**EXERCISE INPUTS:**
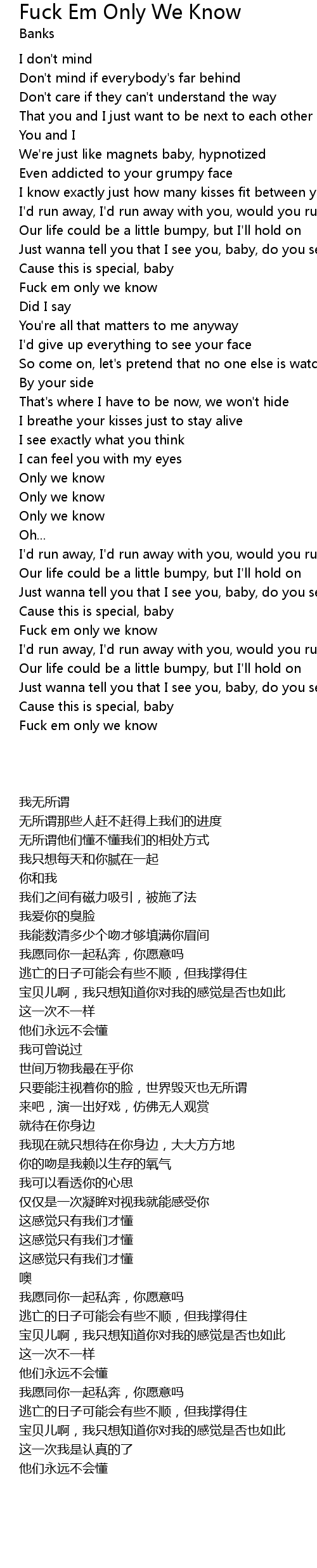 | [01:15.64] | Fuck em only we know |
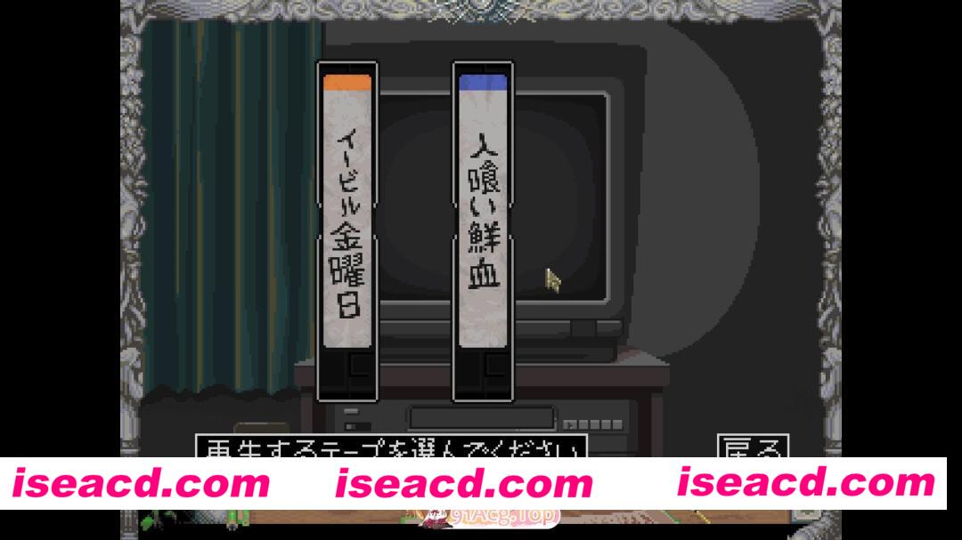 常去的录像带租赁店里的特价推车。 那里扔着一盘在录像带泡沫经济时期的混乱中发行的、闻所未闻的恐怖片。 明明是特价处理品,宣传语却很是花哨,价格也是1000日元这种莫名强硬的设定。 即便如此,你还是买下了它。 买完之后是后悔……自嘲……随后是一股扭曲的喜悦。(虽然电影内容本身很无聊)
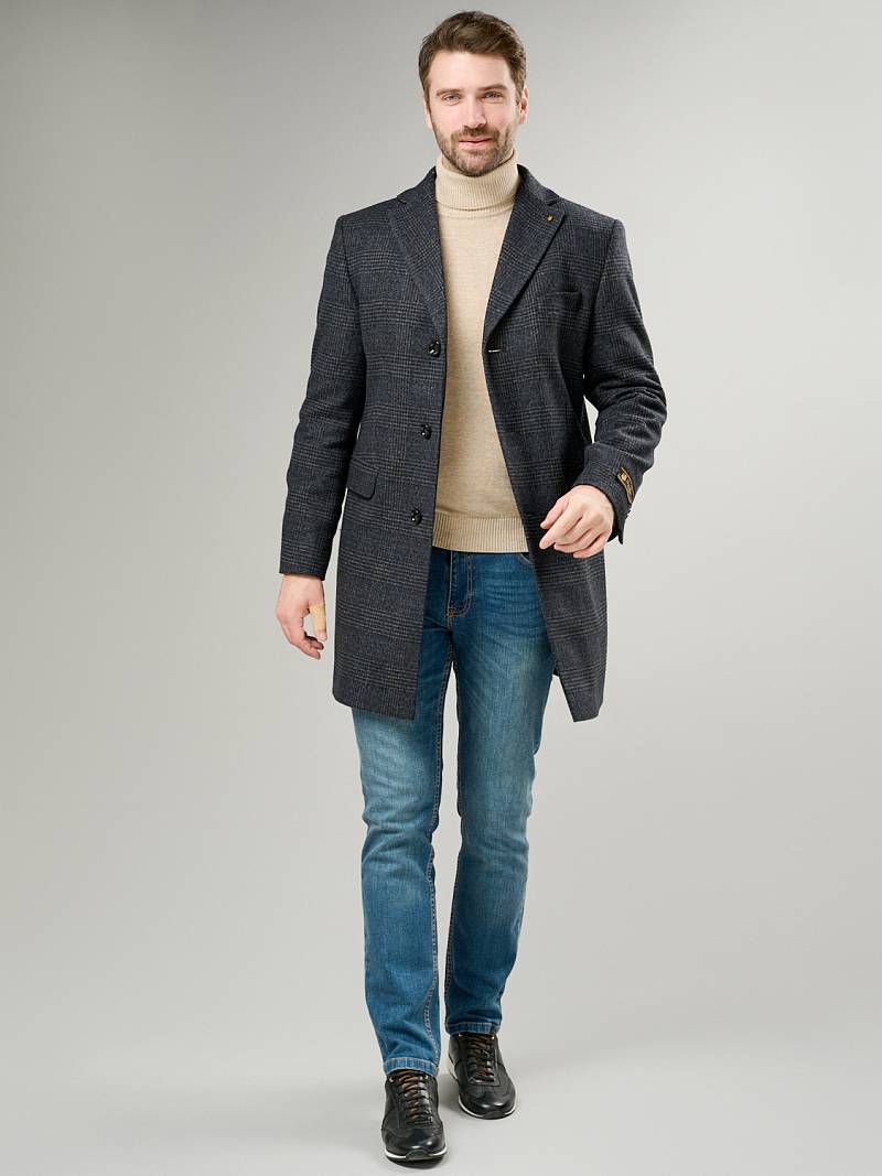 Классическое утепленное пальто Classic Fit (ПОЛУПРИЛЕГАЮЩИЙ СИЛУЭТ), на 3 пуговицы, с нагрудной листочкой и двумя боковыми карманами с клапанами. По спинке расположена одна шлица.
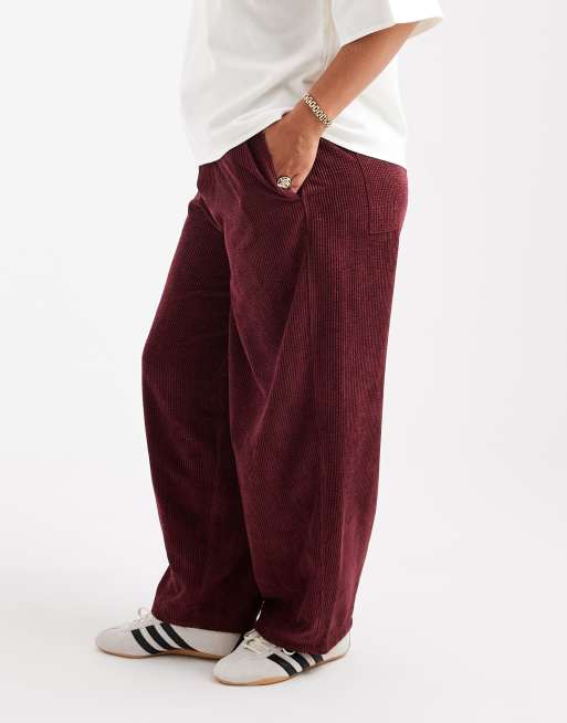 Pantalones burdeos de pernera barrel sin cierres de pana de ASOS DESIGN Curve
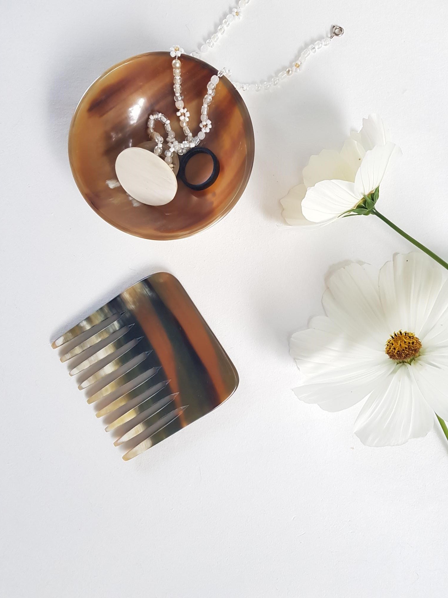 Comb Square is one of our most popular combs – precisely because it combines beauty, strength, and gentleness. Horn and hair are made from the same material, keratin, which makes the comb especially gentle and healthy for the hair. It’s perfect for combing through both curly and straight hair, and thanks to its solid quality, it can be kept in a bag without the teeth getting damaged.
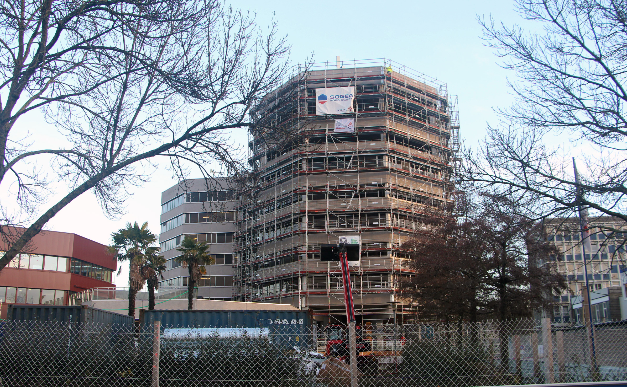 La tour D, première des cinq tours à avoir été entièrement rénovée, accueille depuis septembre les bureaux des salariés. C’est désormais sur la tour A, la plus imposante de l’ensemble, que les travaux se poursuivent. Les échafaudages nécessaires pour la réalisation de l'isolation extérieure et du bardage sont déjà en place tandis que les opérations de dépose des huisseries existantes et de désamiantage se poursuivent.
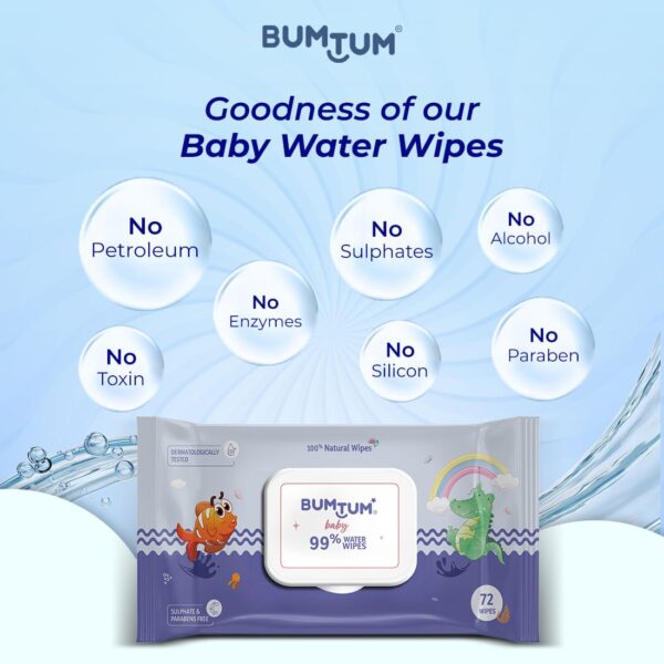 - Paraben & chemical-free: The Bumtum baby water wet wipes are paraben, sulfates, toxins, enzymes, petroleum, dye, alcohol, and silicon free, hence they are safe for a baby’s delicate skin. Also, it doesn’t have any chemical content that keeps the skin soft and wetter to be used at any time.

**EXERCISE GOAL:** Print all the lines above again exactly, without any pictures.

**ANSWER BELOW:**
 | [01:15.64] | Fuck em only we know |
 常去的录像带租赁店里的特价推车。 那里扔着一盘在录像带泡沫经济时期的混乱中发行的、闻所未闻的恐怖片。 明明是特价处理品,宣传语却很是花哨,价格也是1000日元这种莫名强硬的设定。 即便如此,你还是买下了它。 买完之后是后悔……自嘲……随后是一股扭曲的喜悦。(虽然电影内容本身很无聊)
 Классическое утепленное пальто Classic Fit (ПОЛУПРИЛЕГАЮЩИЙ СИЛУЭТ), на 3 пуговицы, с нагрудной листочкой и двумя боковыми карманами с клапанами. По спинке расположена одна шлица.
 Pantalones burdeos de pernera barrel sin cierres de pana de ASOS DESIGN Curve
 Comb Square is one of our most popular combs – precisely because it combines beauty, strength, and gentleness. Horn and hair are made from the same material, keratin, which makes the comb especially gentle and healthy for the hair. It’s perfect for combing through both curly and straight hair, and thanks to its solid quality, it can be kept in a bag without the teeth getting damaged.
 La tour D, première des cinq tours à avoir été entièrement rénovée, accueille depuis septembre les bureaux des salariés. C’est désormais sur la tour A, la plus imposante de l’ensemble, que les travaux se poursuivent. Les échafaudages nécessaires pour la réalisation de l'isolation extérieure et du bardage sont déjà en place tandis que les opérations de dépose des huisseries existantes et de désamiantage se poursuivent.
 - Paraben & chemical-free: The Bumtum baby water wet wipes are paraben, sulfates, toxins, enzymes, petroleum, dye, alcohol, and silicon free, hence they are safe for a baby’s delicate skin. Also, it doesn’t have any chemical content that keeps the skin soft and wetter to be used at any time.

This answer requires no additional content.